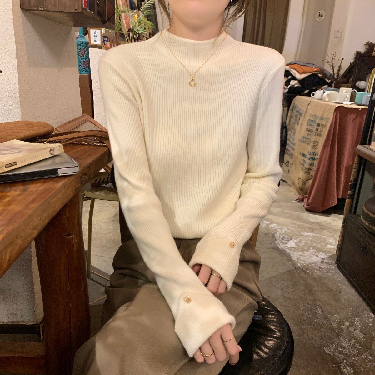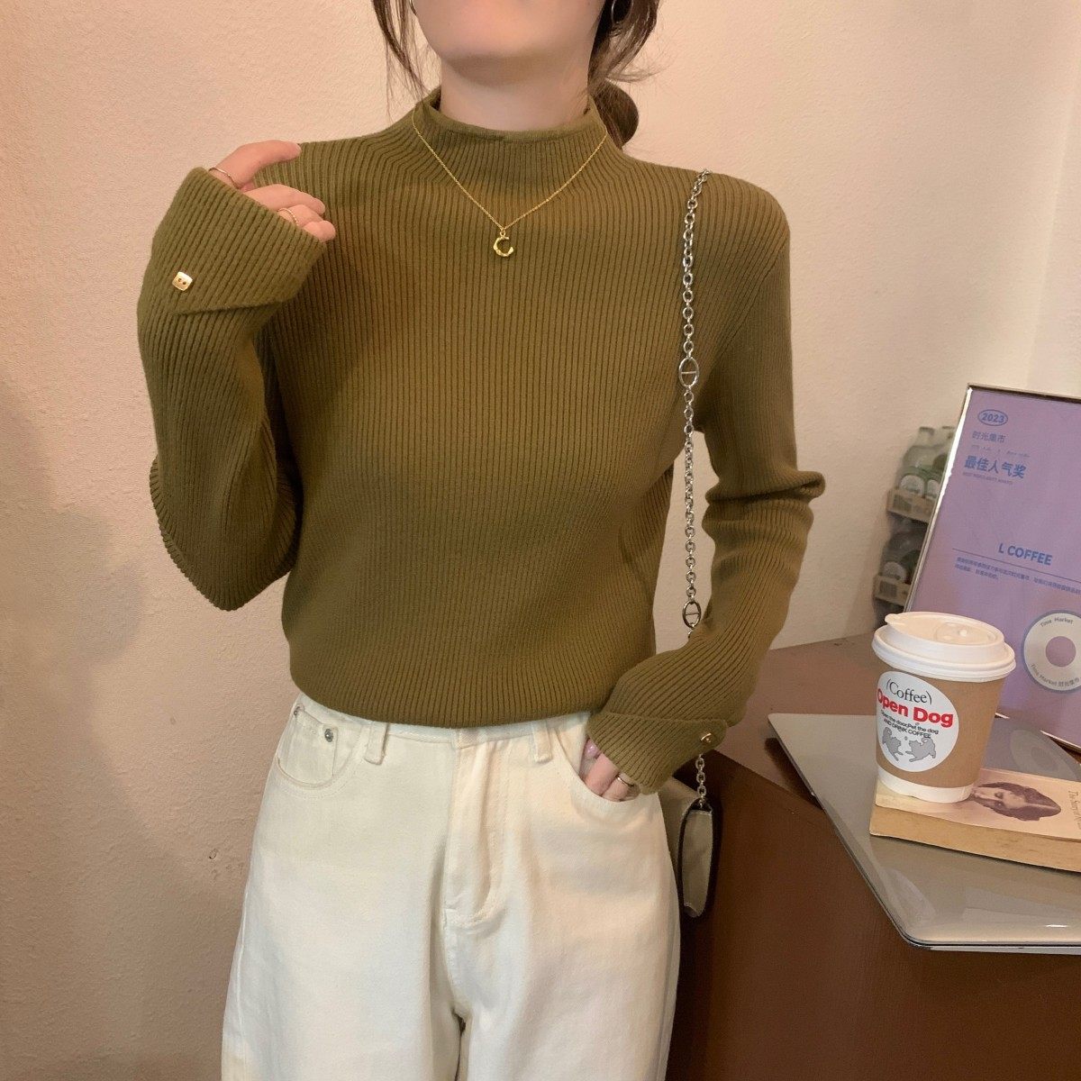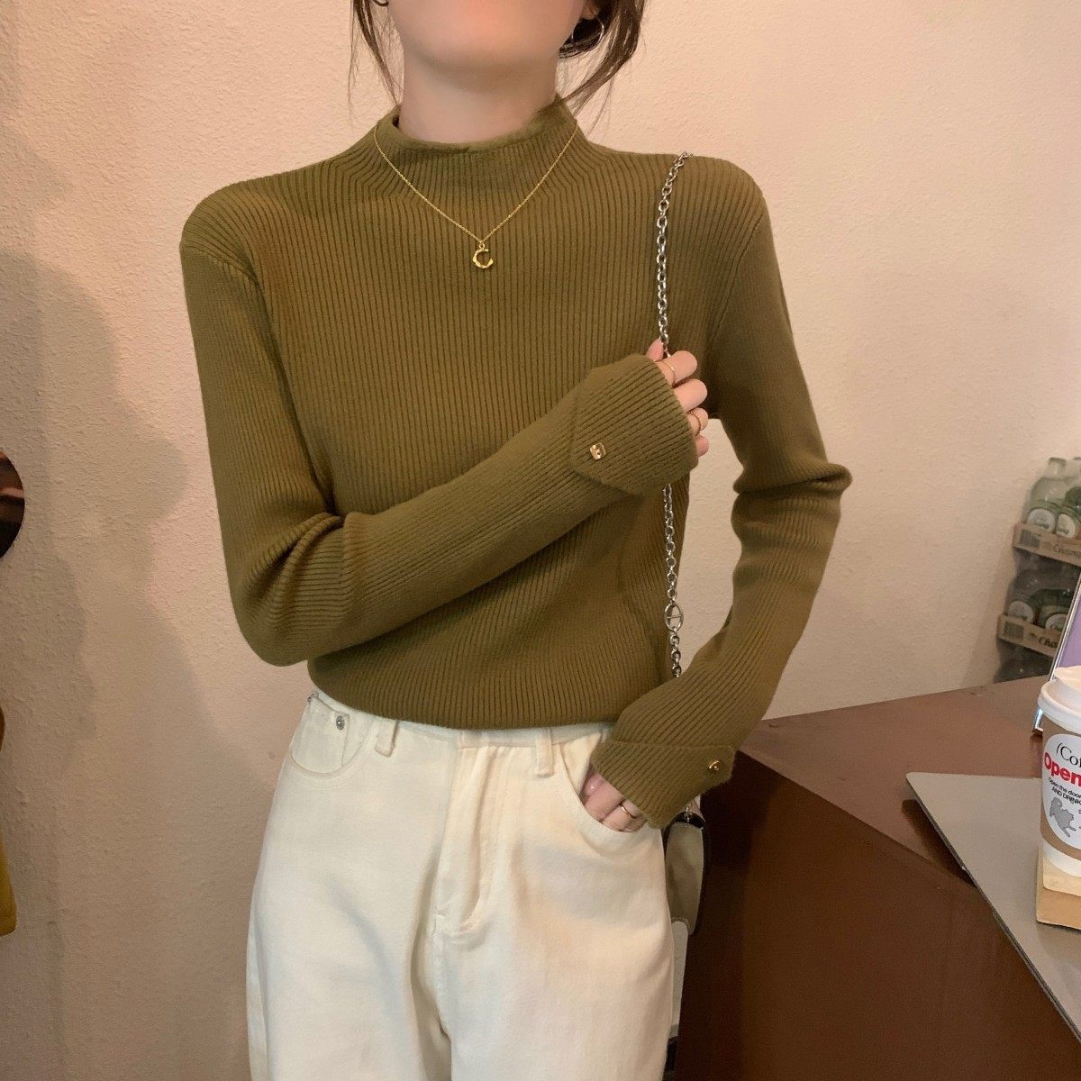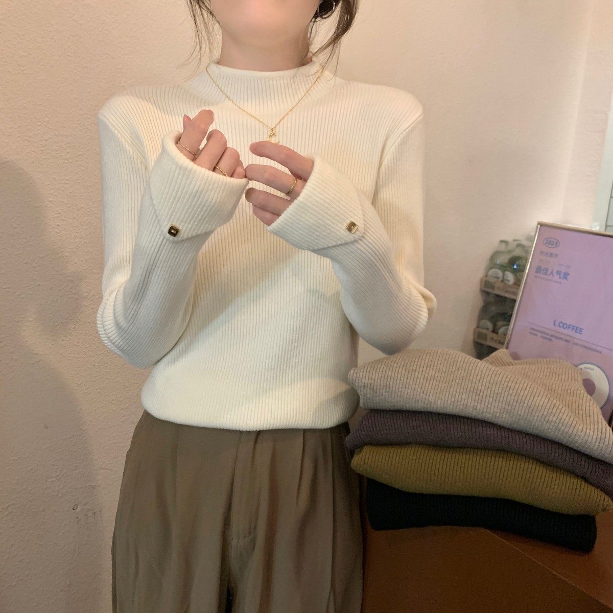 Весенний демисезонный цветной базовый приятный телу трикотажный свитер, высокий воротник, в западном стиле, облегающий крой
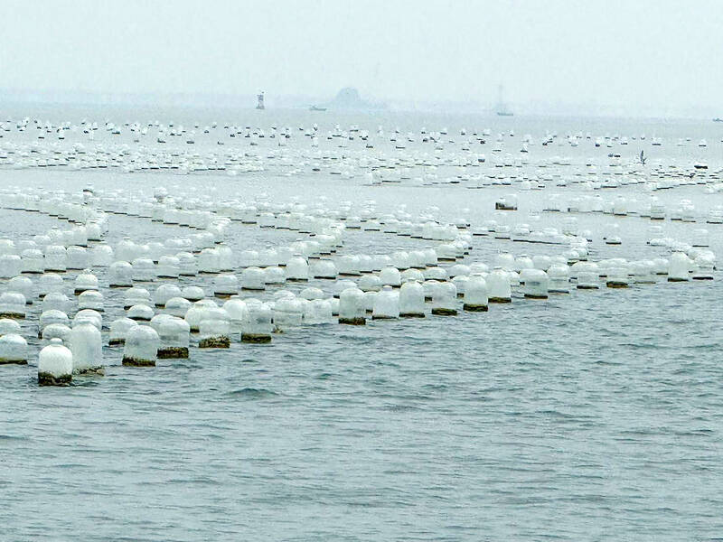 “We will work with the Kinmen County Government to remove the racks, because the interests of Kinmen County residents who operate oyster farms legally are also at stake,” Lin said.
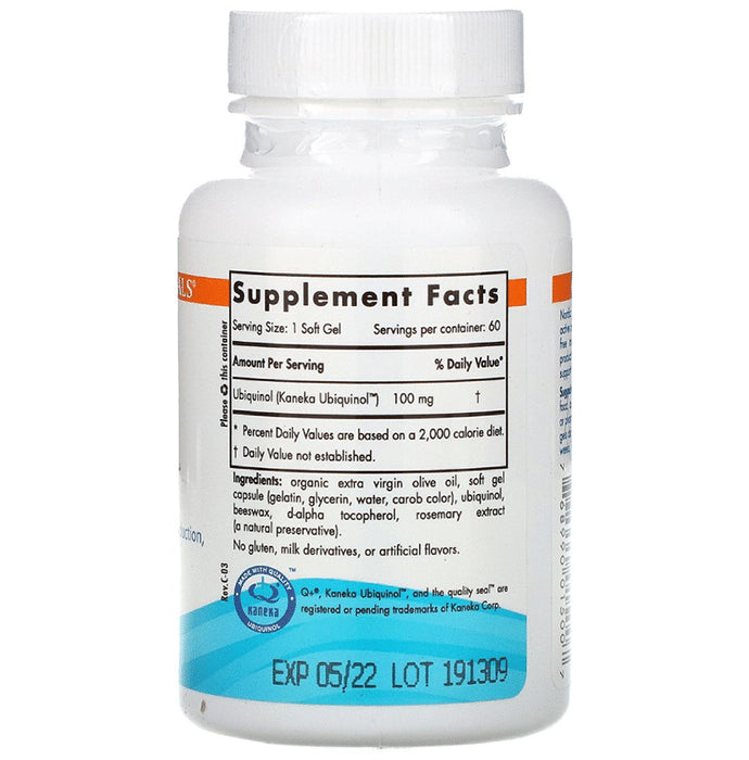 Nordic Naturals Coq10 Ubiquinol 100mg Soft Gels is a dietary supplement that contains 100mg of Coenzyme Q10 (CoQ10) Ubiquinol. CoQ10 is a fat-soluble molecule that is found in almost every cell, tissue, and organ in the body. It plays a crucial role in cellular energy production and acts as an antioxidant, helping to reduce free radicals in the body
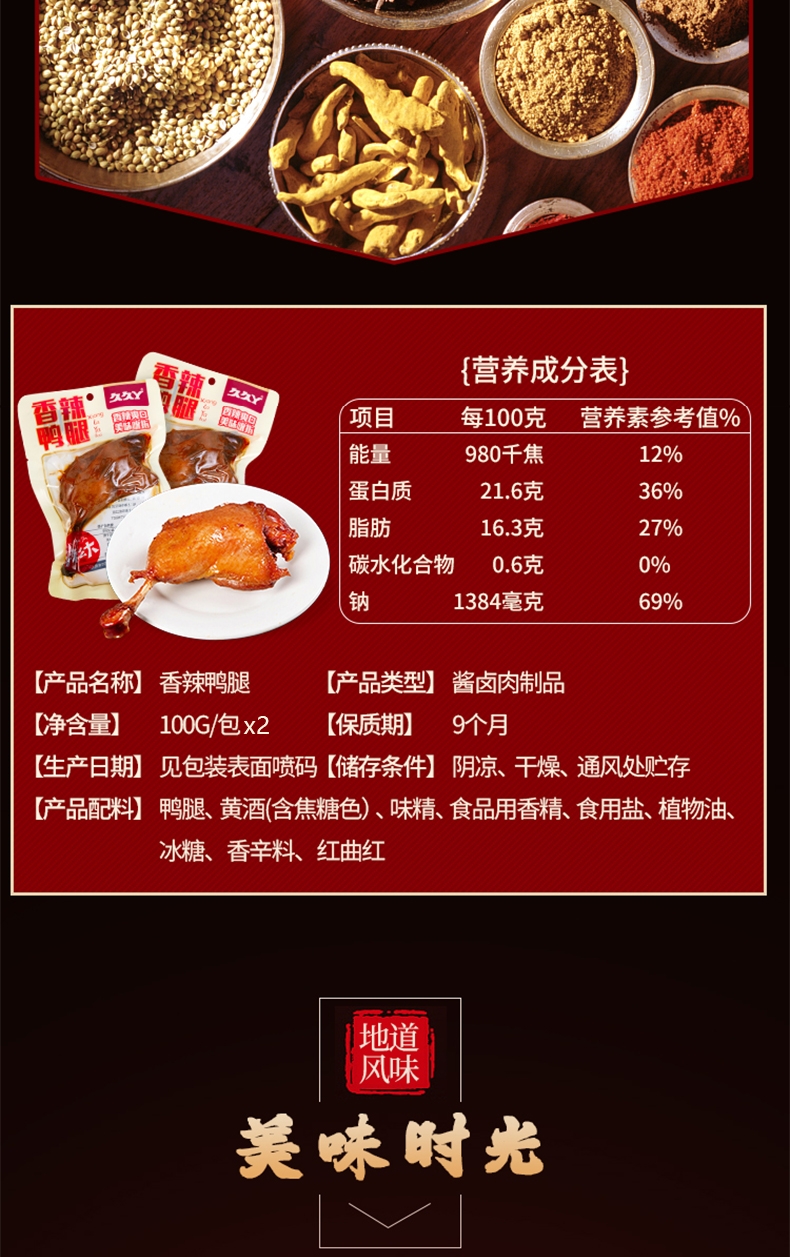 久久丫 香辣鸭腿100g*2
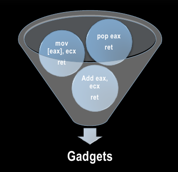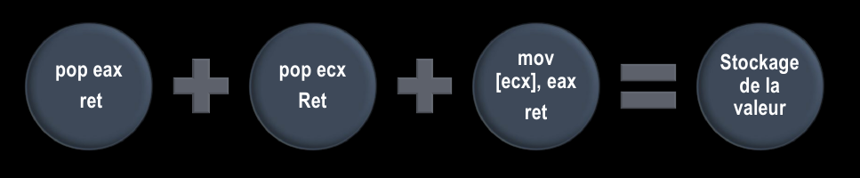 Vu que toutes les instructions exécutées appartiennent au programme original il n'y a pas besoin de faire d'injection de code. Un ensemble d'instructions combinées forme un gadget, ils permettent de faire des actions de haut niveau comme écrire dans la mémoire, faire des calcules (ADD/SUB/AND/XOR/OR) sur des valeurs à une adresse mémoire et aussi appeler une fonction sur des bibliothèques partagées.

## Work instructions:
Produce the material above again in full, with identical lines and no pictures.

## Result for this task:
 Весенний демисезонный цветной базовый приятный телу трикотажный свитер, высокий воротник, в западном стиле, облегающий крой
 “We will work with the Kinmen County Government to remove the racks, because the interests of Kinmen County residents who operate oyster farms legally are also at stake,” Lin said.
 Nordic Naturals Coq10 Ubiquinol 100mg Soft Gels is a dietary supplement that contains 100mg of Coenzyme Q10 (CoQ10) Ubiquinol. CoQ10 is a fat-soluble molecule that is found in almost every cell, tissue, and organ in the body. It plays a crucial role in cellular energy production and acts as an antioxidant, helping to reduce free radicals in the body
 久久丫 香辣鸭腿100g*2
 Vu que toutes les instructions exécutées appartiennent au programme original il n'y a pas besoin de faire d'injection de code. Un ensemble d'instructions combinées forme un gadget, ils permettent de faire des actions de haut niveau comme écrire dans la mémoire, faire des calcules (ADD/SUB/AND/XOR/OR) sur des valeurs à une adresse mémoire et aussi appeler une fonction sur des bibliothèques partagées.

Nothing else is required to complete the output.